Dmitri was so calm about what was happening. He’d seen it before. Ed asked him what the main difference was between the Russian and American collapses.

“Guns,” Dmitri said. “You Americans have so many guns in private hands. In Russia, only the government had guns. There was no way to stop them. But Americans have guns. This is how you will stop this. If you are not too fat and lazy, as I think you might be. Pardon me. I mean no offense. But this is what I see. Good news is your guns, bad news is you have become fat and lazy. We will see which part of America wins.”

“How did you make it through the Russian collapse?” Ed asked Dmitri.

“I was the gray man,” Dmitri said.

“The what?”

“A gray man,” Dmitri said, “is one who lives in a dictatorship or corrupt society without being noticed. Instead of being a freedom fighter, the gray man just blends in, like he is gray; not black or white. He goes along with the authorities when he has to. But when the authorities are not looking, the gray man does all he can to bring them down. He cheats on his taxes, he might sabotage something small, he might even go out at night and hunt down government agents. He is an informant for the resistance, but he does it quietly, without advertising that he is a freedom fighter.”

“In the former Soviet Union,” Dmitri said, “most people were gray men and women. That is why the regime fell so quickly. Years of weakening the regime from within by the small bits of resistance from the gray men led to the fall of the authorities. And once it was clear that the authorities were losing power, millions of gray men and women sprang into action. This is why the Soviet Union fell apart so quickly. Most people were gray to some degree, and they were ready to make life as miserable as possible for the government once they had a chance.”
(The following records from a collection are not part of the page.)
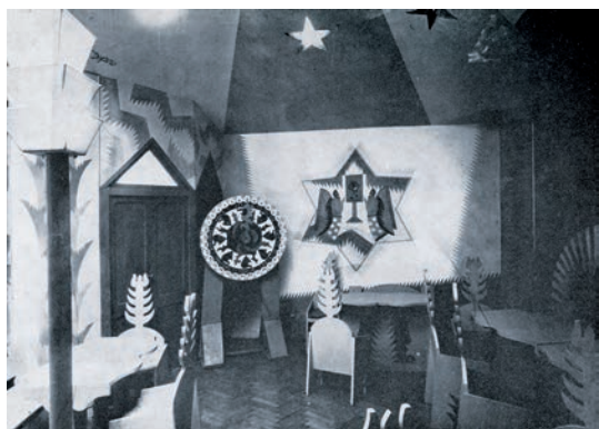
Fig. 6. Particular del Purgatorio (1922).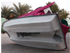
ห้องเครื่องและชุดขับไดนาโม

- ชุดขับและหางเสือสั่งพิเศษในจักร แกนชกและหางสแตนเลส สำหรับรุ่นสแตนเลส และรุ่นสแตนเลส+ 2K -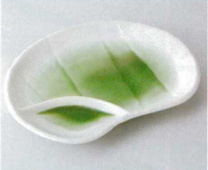
20609-306 1,500円 253015214 うのふエメラルドそら豆ランチ皿 (235×190×27mm)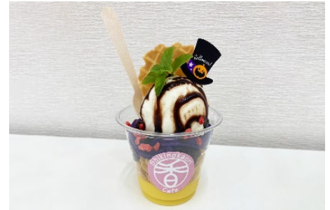
ハロウィンパフェ／550円（税込）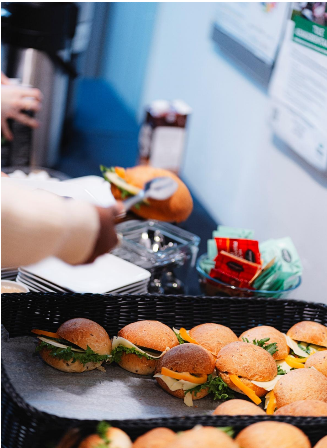
Kuva 6 Kahvitarjoilu.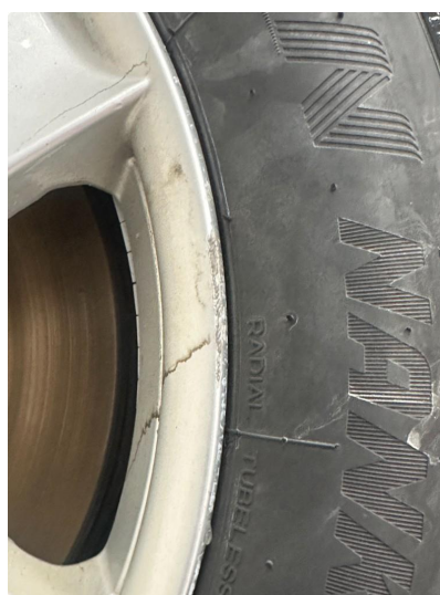
1.2 Vinterfelger litt kantkjørt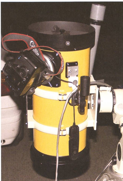
Abbildung 5: Takahashi Epsilon 180ED f/2.8 Astrograph.

sierte Gerät mit hyperbolischem Hauptspiegel von 18 cm Durchmesser, elliptischem Fangspiegel, zweilinsigem Korrektor aus ED Glas sowie rotierbarem Auszug bildet die Sterne bis in die Ecken des Kleinbildformats (24x36 mm) scharf ab. Die hohe Lichtstärke dieses Instruments erlaubt auch mit normalen digitalen Spiegelreflexkameras sehr gut durchbelichtete Aufnahmen bei relativ moderaten Belichtungszeiten und stellt deshalb für jeden ernsthaften Astrofotografen eine interessante Option im Brennweitenbereich um die 500 mm dar (vgl. Abb. 5).

Dmitri thought for a moment. He was struggling with what he was about to say. “I would not have lived if I had been an open freedom fighter. I could only survive by being a gray man.” He paused again. “It is not cowardice that leads a gray man to quietly resist instead of openly fighting. It is survival. I did all I could.” He looked at Ed and said, “I did all I could.” Dmitri obviously felt guilty that he hadn’t done more.
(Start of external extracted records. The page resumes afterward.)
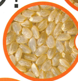
1ぶづき「ヌカ層と胚芽部分の1割程度だけ取り除いた米」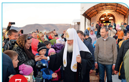
7 Эгвекиот. Освящение храма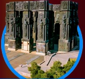
อนุสาวรีย์ประวัติศาสตร์

48,888 23-28 ต.ค. 67 เหลือ 10 ที่ 41,111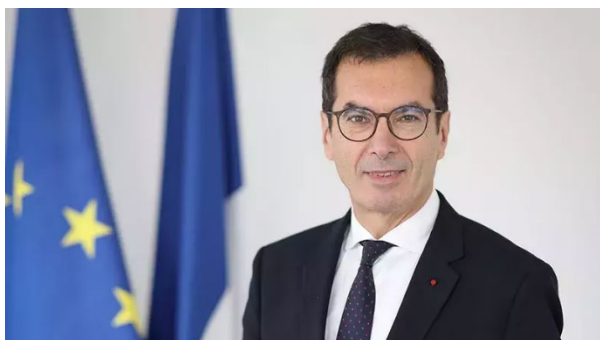
Jean-Pierre FARANDOU, ministre du Travail et des Solidarités

Les comités territoriaux pour l'emploi, créés par la loi pour le plein emploi du 18 décembre 2023, ont essaimé sur le territoire national depuis 18 mois. Aujourd'hui, la France dénombre 470 comités territoriaux pour l'emploi, parmi lesquels 361 comités locaux pour l'emploi.

“I’m sure you did plenty, Dmitri,” Ed said. He thought about what Dmitri said about being a gray man. It made sense. It solved the problem Ed had been struggling with, which was how to resist, but not get killed in the process. Dying didn’t accomplish much. Dying was a pretty bad survival plan.
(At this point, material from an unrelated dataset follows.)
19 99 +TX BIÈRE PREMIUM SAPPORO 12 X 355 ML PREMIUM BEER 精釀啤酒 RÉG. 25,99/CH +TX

Ed decided that he would be a gray man. But, could he pull it off? Or did the government already know about him? Before the Collapse, he had sued the corrupt state board of realtors and won. He had exposed them. Except no one had cared. With all the government had on its plate now, would they really be keeping track of people who had sued them a few years before? They were struggling to keep people fed. Ed hadn’t talked too much about his case at the time because, as glad as he was to expose them, he was still scared of them, so he kept his tussle with the government relatively quiet.